I’ve always known what happened in Carrie and I never watched the film, or read the book, or eaten the cereal… until last night! That’s right! I just watched Brian DePalma’s 1976 cult-horror classic Carrie for the very first time!
I did it for you (and for Johnny).
Why did it take me so long? It’s probably because I despise the films of Brian DePalma. The man is to Alfred Hitchcock what Bai Ling is to Veronica Lake. But, knowing that Carrie was being remade (again), I vowed to suck it up and watch the damn thing already.
How bad could it be? I mean, I knew everything that was going to happen anyway.
Well, I’ll tell you. Carrie was surprisingly enjoyable. There are many things about it with which I find fault, but even with absolutely no surprises in store, the film just magically works.
The first thing that you should know about Carrie is that like the Julie Brown video link you should clicked above, there is no way in hell this story is going to be produced exactly the same way today. The original film starts — I shit you not — with about a half dozen fully nude high school girls wandering about a locker room in slo-mo. That is the sort of thing that people today frown upon (along with high school shooting jokes and remakes of classic horror films). But yes. Lots of birthday-suited girls, including young ingenue Sissy Spacek, fresh off Terrance Malick’s Badlands.
Carrie easily marks Spacek’s most impressive performance, excepting her turn as Anne Uumellmahaye in The Man with Two Brains.
Why is she so good? Well, it’s not because of the nudity, you perv. Rather, it’s because she’s totally excellent in an off-kilter Mia Farrow Rosemary’s Baby way. Just creep out to the nines good, being completely believable as the socially awkward Carrie.
Piper Laurie, playing Carrie’s Jesus freak momma, is also crazy, good, and crazy-good. Their scenes together rend the obviously phony scrim that backdrops this film in order to show you something that feels undeniably real. They are the rope that ties this parade balloon to the earth. Both were nominated for Academy Awards for their work here. (Piper Laurie, of course, you’ll recognize from her role in The Hustler and for her part on Twin Peaks.)

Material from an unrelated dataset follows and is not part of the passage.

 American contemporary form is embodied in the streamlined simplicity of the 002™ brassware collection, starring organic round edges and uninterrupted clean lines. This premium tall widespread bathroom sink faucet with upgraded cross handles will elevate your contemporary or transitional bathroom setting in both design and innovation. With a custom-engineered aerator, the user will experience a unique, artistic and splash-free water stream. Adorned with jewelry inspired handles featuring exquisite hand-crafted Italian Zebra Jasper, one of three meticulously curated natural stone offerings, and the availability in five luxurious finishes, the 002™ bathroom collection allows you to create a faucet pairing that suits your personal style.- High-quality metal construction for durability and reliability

These two are just the start of the frankly incredible cast that populates this picture, though. Everywhere you look, there’s a naked schoolgirl and a recognizable face — sometimes even at the same time! Amy Irving, famous for sucking the life out of Steven Spielberg and occasionally acting, is the sympathetic Sue Snell. Teen heartthrob William Katt’s curly mug held center stage in the only decent television show from the 1980s to have avoided a reboot this year: The Greatest American Hero. John Travolta plays a dumb shit (perfectly). He was in Staying Alive and Look Who’s Talking Now, if you haven’t heard of him. Alpha bitch Chris is brought to life by the perky Nancy Allen who went on to survive Robocop. P.J. Soles you’ll recognize from Stripes and Halloween, even if she wears her red baseball cap for the entire film, including during the prom.
I’m not done, either. I just needed to take a breath.

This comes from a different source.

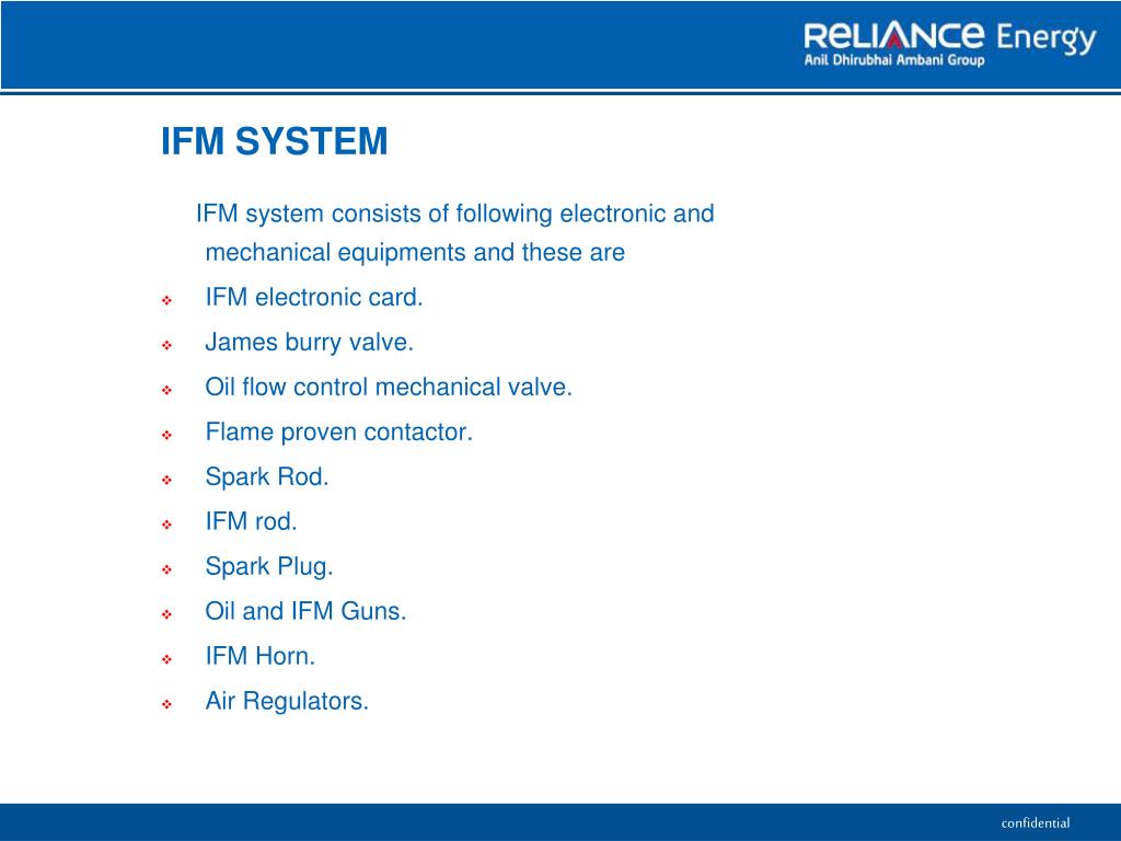IFM SYSTEM IFM system consists of following electronic and mechanical equipments and these are • IFM electronic card. • James burry valve. • Oil flow control mechanical valve. • Flame proven contactor. • Spark Rod. • IFM rod. • Spark Plug. • Oil and IFM Guns. • IFM Horn. • Air Regulators.

Sydney Lassick plays English teacher Mr. Fromm and if you don’t remember him from One Flew Over the Cuckoo’s Nest you should watch that film again twice. Finally, but certainly not leastly: Edie McClurg. That’s right. Edie McClurg. You’ll recognize her when you see her if you’re a righteous dude.
Beyond the cast, Carrie is like a slow-motion train jumping the rails and crashing into a Hall & Oates video. One must ignore DePalma’s showy but vapid trick shots and the bludgeoning score of flute music, synth pop, and rip-offs of Bernard Hermann’s iconic music from Psycho. Also try to look beyond some seriously questionable wardrobe choices and an utter and complete lack of subtlety.
Seriously. You want to watch a naked Sissy Spacek massage her inner thighs in the high school shower? That’s in the first three minutes.
The shower scene I always wanted to shoot in slow-motion. I wanted to get involved in this lyrical eroticism before the blood comes, and it’s all wonderful, beautiful . . . the steam, Carrie’s touching herself . . . and then WHAM! As soon as you cut from slow-motion to regular motion you’re already in a jolt, because you’re so used to the time sense.
Uh. Yeah. Thanks Brian. Lyrical eroticism. Jolts. That’s exactly what I was feeling there, too, watching the religious outcast masturbate in the public showers.
So why do I like Carrie? It’s honestly hard to say. It is a film that is much more than the sum of its parts. It’s so off-kilter, with awkward comedy and fumbling romance and all the drama turned up to 11 — which, now that I say it, is exactly as high school should be. Yes, the film is all elbows but at its heart, it’s truly yearning to grow up into something beautiful and adored. That’s Carrie. Striving for acceptance and grace but humiliated anyway. Watching the film, you feel Carrie White’s confusion and pain. You believe in it. That’s more than can be said for most films in this genre.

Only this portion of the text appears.